Maasdam (III)(1920-1941)


SS Maasdam was de derde van vijf met deze naam bij de Holland Amerika Lijn. Ze werd oorspronkelijk opgeleverd op 21 oktober 1920, met een lengte van 142 meter, een breedte van 18 meter en een tonnage van 8.812 brt. Ze werd gebouwd in Rotterdam en was oorspronkelijk ontworpen als een gecombineerd vracht- en passagiersschip. Ze had een bemanning van negenentachtig en had oorspronkelijk twee schoorstenen, maar er functioneerde er maar één. Het schip werd in 1933 opgelegd en het jaar daarop gereviseerd waarbij de dummy-schoorsteen en enkele passagiershutten werden verwijderd, en de bemanning bedroeg achtenveertig.

Haar zusterschepen zijn de ,Leerdam (II) Spaarndam (II) en de Edam (IV).

Op 9 mei 1940 lag ze in de haven van Liverpool, Engeland, in afwachting van terugkeer naar Nederland toen de bemanning werd gewaarschuwd niet terug te keren naar haar thuisland. De volgende dag viel het Duitse leger de Lage Landen binnen. Het schip en de bemanning werden onmiddellijk gemilitariseerd en de Maasdam werd gecharterd door het Ministry of War Transport in Londen. Maasdam vertrok op 11 juni 1941 vanuit New York naar Halifax met een bemanning van achtenveertig plus tweeëndertig passagiers, onder wie elf personeelsleden van het Amerikaanse Korps Mariniers en zeventien vrijwillige verpleegsters van het Amerikaanse Rode Kruis.
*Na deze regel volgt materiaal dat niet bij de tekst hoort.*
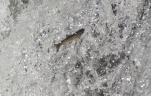 You can soak in the part of the stream right below the waterfall, but signs forbade the scrambling up to anything above the waterfall. I didn’t have time for a soak, so I took my pictures and video, then just stared at the waterfall. As I did, I noticed a bit of movement in the waterfall and realized that tiny fish about 2-4 inches were trying to swim up the waterfall. I found myself cheering for the little guys. I took some pictures of them and their struggle, then turned around to head to the main attraction.
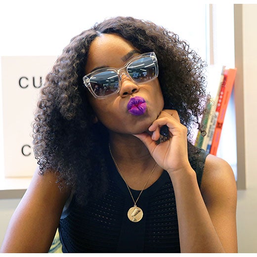 Assistant Social Media Editor, Taylor Lewis is #SummerGoals with Smashbox ‘Always on Matte’ Liquid Lipstick in “Some Nerve” ($24, at sephora.com) purple lips and vibrant ‘Eyes of Gina’ sunnies from Swatch ($85, at swatch.com)
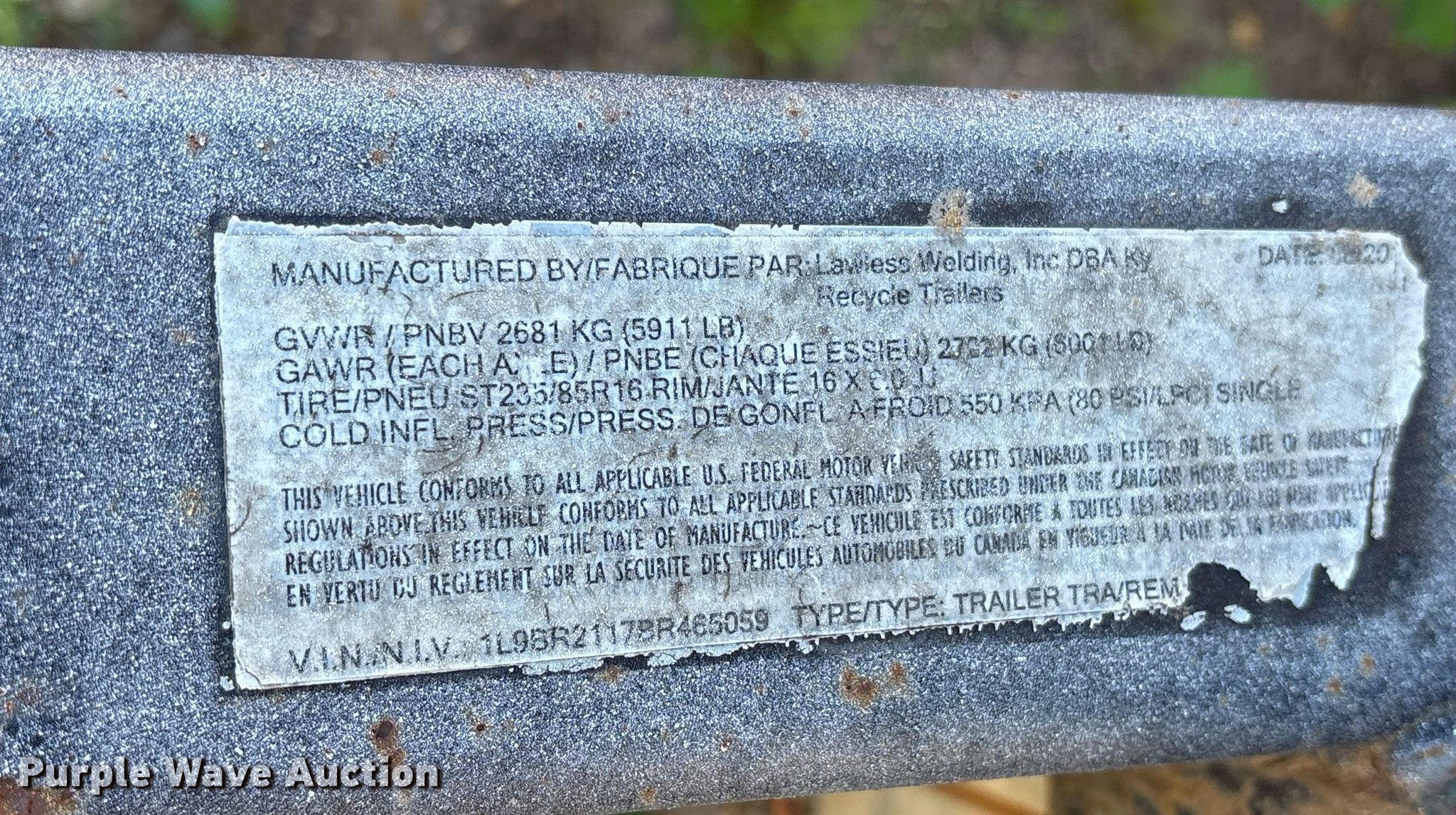 Purple Wave is selling a used Trailer Other in Texas. This item is a 2011 Ky Recycle Trailers recycle trailer with the following: VIN: 1L9BR2117BR465059, Unit #: 59
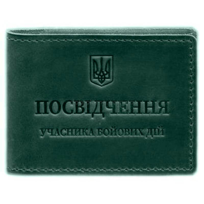 Тиснение на лицевой стороне обложки выполнено горячим методом, который формирует четкий оттиск. Вверху расположен герб Украины, посередине находится надпись «Посвідчення учасника бойових дій»
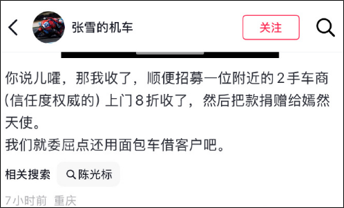 4月2日凌晨,张雪公开回应赠车提议,表示愿意接受这份好意,同时提议将车辆8折转售,所得款项全部捐赠给嫣然天使基金,企业仍保留原有简朴的接待方式。

De mariniers waren bestemd voor dienst op de Amerikaanse ambassade in Londen en de verpleegsters waren gepland om te dienen in het Harvard Hospital. Halifax was een gemeenschappelijke haven van waaruit konvooien in oostelijke richting werden gevormd. Maasdam arriveerde op de avond van 13 juni 1941. Ze werd toegewezen aan konvooi HX 133 en vertrok op 16 juni te midden van ongelooflijk dichte mist die vier dagen aanhield en verschillende scheepsaanvaringen veroorzaakte.

Op 26 juni 1941, om 23:45 uur GMT, vuurde de U-564 meerdere torpedo’s snel achter elkaar af. De eerste torpedo trof de Maasdam aan bakboordzijde aan de achterzijde van vrachtruim nr. 2. Onmiddellijk daarna werden ook twee andere schepen naast de Maasdam geraakt, de Malaya II een Brits vrachtschip geladen met TNT en de Noorse tanker Kongsgaard. Ze zonk in de Atlantische Oceaan voor Groenland (60 ° 00’N 30 ° 35’W). Achtenzeventig van de tachtig mensen aan boord overleefden en werden gered door het Noorse schip Havprins en het voormalige Deense schip Randa. De twee mensen die op zee omkwamen, waren verpleegsters Maxine Loomis en Ruth Bradley.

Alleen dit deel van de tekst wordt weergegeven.